= Rural Development Council =

The Rural Development Council was an advisory body to the Scottish Cabinet Secretary for Rural Affairs and the Environment, Richard Lochhead MSP. Its members include: Barbara Kelly; Donald MacRae of the Bank of Scotland; Stuart Housden, the Director of RSPB Scotland; Derek Logie of the Rural Housing Service; Liberal Democrat Councillor Alison Hay from Argyll and Bute Council; Kate Braithwaite, Director of the Carnegie UK Trust Rural Programme; Alex Walker, chairman of Development Trusts Association Scotland; Shiela Garson from Shapinsay Development Trust; Neil Macleod, the chair of the Scottish Crofting Foundation, Jim McLaren of NFU Scotland; and Liam Beattie, a student from the University of Stirling.
The council was formed in 2008 and has met in Dumfries, Dunkeld and Finzean.

Mr Lochhead has said:

"I am delighted to see that we now have a forum where the rural voice can be heard at the heart of Government."

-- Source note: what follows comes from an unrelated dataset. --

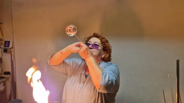 Bei 1200 Grad gestaltet Glasbläserin Renate Prehal (65) filigrane Christbaumkugeln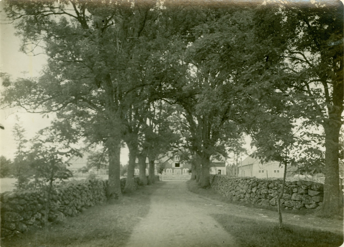 Uppfarten till Maltebo gård, allé med askar. Å sidorna stenmurar. I fonden en ladugård.

In 2010 the council launched a consultation paper called "Speak Up for Rural Scotland". The consultation seeks views on "how best rural Scotland can contribute to the nation's sustainable economic growth", noting the potential of the natural assets of rural Scotland and identifying priorities and opportunities. These are listed as 37 "step changes" which the Council considers important.